3. Analyze these regions to estimate suitable parameters. 

The key theoretical issues that need to be addressed to facilitate such a real-time system are the 
image representations used for estimation of different features and parameters and the algorithms 
used for their estimation. 

Facial patterns and their changes can convey a wide range of expressions, and regulate spoken 
conversation and social interaction. Faces are highly dynamic patterns which undergo many 
non-rigid transformations. Much of the previous work to capture facial deformations has relied 
heavily on two forms of parameterizable models, namely, geometry of face musculature and 
head shape (Essa and Pentland [10], Terzopoulos and Waters [18], Yuille et al. [1]) and motion 
estimation (Black and Yacoob [4], Ezzat [11]).
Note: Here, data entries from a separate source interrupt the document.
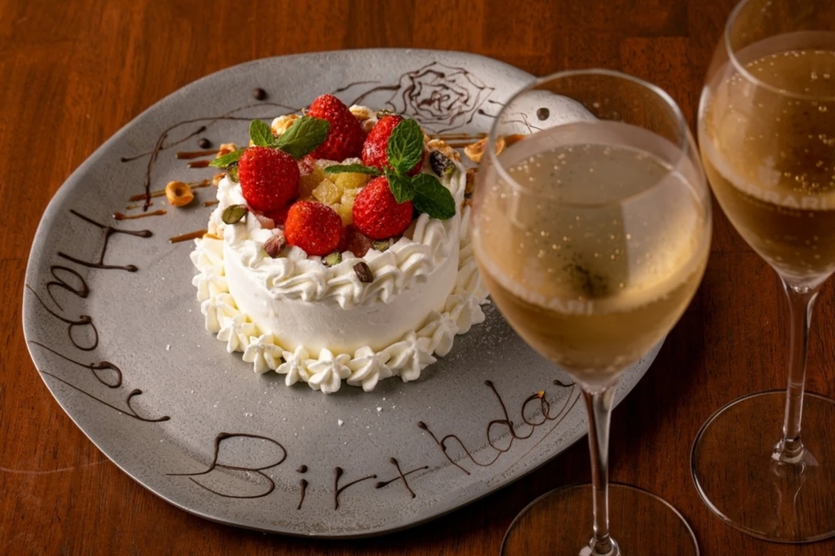 - ※メニューは仕入状況等により変更となる場合がございます。予めご了承ください。※料理、席、特典等の写真はイメージです。※ 当日のご予約はホールケーキではなくデザート盛り合わせになります。
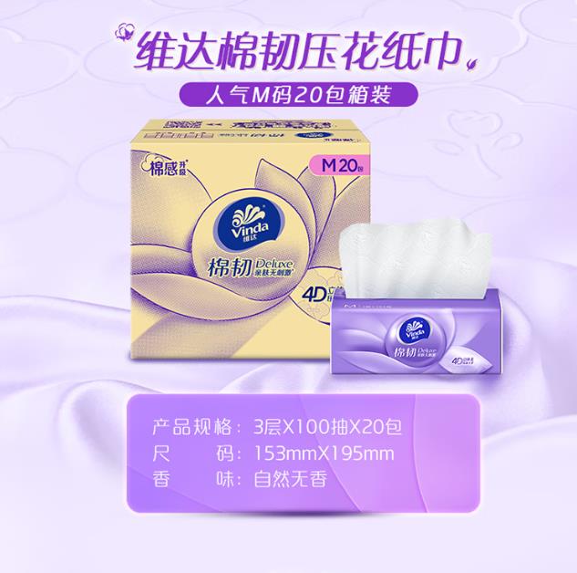 商品名称:维达(Vinda)抽纸 棉韧100抽*20包M码 亲肤无刺激 卫生纸 纸巾 餐巾纸 整箱 商品编号:203483 品牌:维达 上架时间:2023-04-04 商品毛重:0克
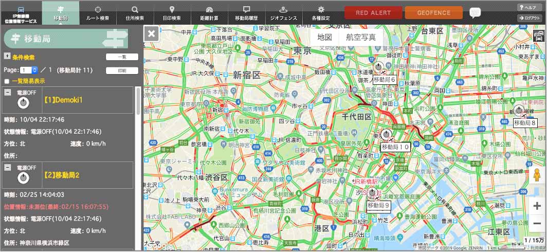 移動局の現在位置や進行方向、各種状態の確認や過去の履歴検索ができます。
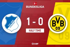 第38分钟,霍村获得点球!克拉马里奇右路弧顶内切打门打在滑到的聚勒手上,裁判经过VAR回放判罚点球,克拉马里奇主罚点球破门,随后聚勒拉伤被换下,霍芬海姆1-0多特。↓

While the former needs to be hand-crafted, the 
latter relies on repeated estimation of optical flow which can be computationally intensive. An 
important aspect of our work is that the models for all of the sub-tasks needed to achieve the 
final goal is automatically learned from examples. Moreover it does not make use of any 3D 
information or explicit motion or segmentation. Some work on 2D view-based models of faces 
have also been extended to expression recognition (Beymer et al. [3], Beymer and Poggio [2] and 
Cootes et al. [6]). However these view-based models are explicitly dependent on correspondence 
between facial features and therefore repeated estimation of this correspondence during analysis. 
In this paper, we describe models that do not rely on such explicit correspondence. 
The analysis of faces within a view-based paradigm is achieved by the localization and analysis 
of various facial regions. This is quite a hard problem due to the non-rigid transformations that 
various facial regions undergo. Some regions of the face (such as mouths) can vary widely. A pixel 
based representation for such a widely varying pattern is often inadequate. While localization 
of some facial regions may be simplified by the localization of the face, the task of mapping the 
facial region (e.g. the mouth) to a set of parameters (such as degree of openness or smile) is a 
daunting one since it is not clear how such a map can be made robust not only to the various 
factor affecting the image pattern of the facial region but also to errors in its localization. 
The wavelet based representation has a long history and has recently been applied to the problems 
of image database retrieval in Jacobs et al. [13] and pedestrian detection in Papageorgiou et al. 
[5]. It has been shown to be robust to lighting conditions and variations in color. It is also 
capable of capturing in its over complete form the general shape of the object while ignoring the 
finer details. It is also known that at low enough resolutions it is tolerant to small translations. 
In our approach we have used an overcomplete Haar wavelet representation to detect nostrils 
to first localize the mouth and then use a sparse subset of coefficients of this overcomplete 






Figure 1: Illustrating the use of the skin segmentation and component tracking, (a) The indoor 
scene, (b) after skin segmentation, (c) after component extraction and tracking. 

wavelet dictionary as a set of regressors which output the different parameters desired (in our 
case degree of openness and smile). This approach is similar to the method used by Graf et 
al. [12] and Ebihara et al. [9] where the outputs of different band-pass components of the input 
image are used as input to a classifier. 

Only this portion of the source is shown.